Task to carry out: The line containing "Vintage 1990s Prada Brown Block Heel Boots" marks the end, so write out exactly every line from the top of the entries below through that one.
[Opening Material supplied section]
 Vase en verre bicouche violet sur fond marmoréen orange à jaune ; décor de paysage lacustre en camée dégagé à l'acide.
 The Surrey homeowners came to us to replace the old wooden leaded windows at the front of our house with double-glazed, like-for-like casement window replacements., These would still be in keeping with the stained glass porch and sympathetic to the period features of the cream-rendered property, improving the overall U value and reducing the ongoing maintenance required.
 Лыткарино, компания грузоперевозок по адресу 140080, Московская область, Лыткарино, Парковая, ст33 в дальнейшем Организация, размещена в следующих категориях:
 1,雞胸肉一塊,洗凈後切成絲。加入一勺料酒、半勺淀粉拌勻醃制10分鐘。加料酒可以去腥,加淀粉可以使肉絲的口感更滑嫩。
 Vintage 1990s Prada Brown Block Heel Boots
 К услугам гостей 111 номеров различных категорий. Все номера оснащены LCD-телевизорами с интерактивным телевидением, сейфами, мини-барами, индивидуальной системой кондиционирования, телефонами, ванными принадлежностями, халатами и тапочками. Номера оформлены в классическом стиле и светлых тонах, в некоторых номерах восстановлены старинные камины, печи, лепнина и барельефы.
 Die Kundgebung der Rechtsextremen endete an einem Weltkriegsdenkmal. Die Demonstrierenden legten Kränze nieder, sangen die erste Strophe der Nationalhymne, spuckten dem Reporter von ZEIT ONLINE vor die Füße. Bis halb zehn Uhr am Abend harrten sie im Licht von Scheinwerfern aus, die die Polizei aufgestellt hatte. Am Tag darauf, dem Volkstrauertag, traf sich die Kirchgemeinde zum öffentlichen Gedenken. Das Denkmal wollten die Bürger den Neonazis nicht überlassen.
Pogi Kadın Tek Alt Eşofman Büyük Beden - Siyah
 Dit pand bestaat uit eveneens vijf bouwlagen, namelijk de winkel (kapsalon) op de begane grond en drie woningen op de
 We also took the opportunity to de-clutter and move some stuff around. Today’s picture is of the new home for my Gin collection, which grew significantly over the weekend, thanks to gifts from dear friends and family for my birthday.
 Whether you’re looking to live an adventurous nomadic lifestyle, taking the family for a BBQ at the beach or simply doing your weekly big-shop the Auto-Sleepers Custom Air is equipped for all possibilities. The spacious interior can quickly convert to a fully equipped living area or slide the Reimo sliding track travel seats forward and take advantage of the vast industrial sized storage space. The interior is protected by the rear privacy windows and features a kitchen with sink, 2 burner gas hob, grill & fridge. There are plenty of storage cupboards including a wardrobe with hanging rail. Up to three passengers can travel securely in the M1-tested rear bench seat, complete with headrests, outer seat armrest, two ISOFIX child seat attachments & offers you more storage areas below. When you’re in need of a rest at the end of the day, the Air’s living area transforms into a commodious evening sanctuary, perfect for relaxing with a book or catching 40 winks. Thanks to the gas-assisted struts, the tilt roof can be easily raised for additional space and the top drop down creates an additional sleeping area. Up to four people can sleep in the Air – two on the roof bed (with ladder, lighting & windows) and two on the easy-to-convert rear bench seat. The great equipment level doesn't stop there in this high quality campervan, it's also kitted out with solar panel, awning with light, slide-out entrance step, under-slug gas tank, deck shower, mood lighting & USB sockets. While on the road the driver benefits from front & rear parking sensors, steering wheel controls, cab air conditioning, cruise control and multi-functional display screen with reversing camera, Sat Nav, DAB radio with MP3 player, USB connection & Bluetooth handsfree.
[Closing Material supplied section]
Output of the task:
 Vase en verre bicouche violet sur fond marmoréen orange à jaune ; décor de paysage lacustre en camée dégagé à l'acide.
 The Surrey homeowners came to us to replace the old wooden leaded windows at the front of our house with double-glazed, like-for-like casement window replacements., These would still be in keeping with the stained glass porch and sympathetic to the period features of the cream-rendered property, improving the overall U value and reducing the ongoing maintenance required.
 Лыткарино, компания грузоперевозок по адресу 140080, Московская область, Лыткарино, Парковая, ст33 в дальнейшем Организация, размещена в следующих категориях:
 1,雞胸肉一塊,洗凈後切成絲。加入一勺料酒、半勺淀粉拌勻醃制10分鐘。加料酒可以去腥,加淀粉可以使肉絲的口感更滑嫩。
 Vintage 1990s Prada Brown Block Heel Boots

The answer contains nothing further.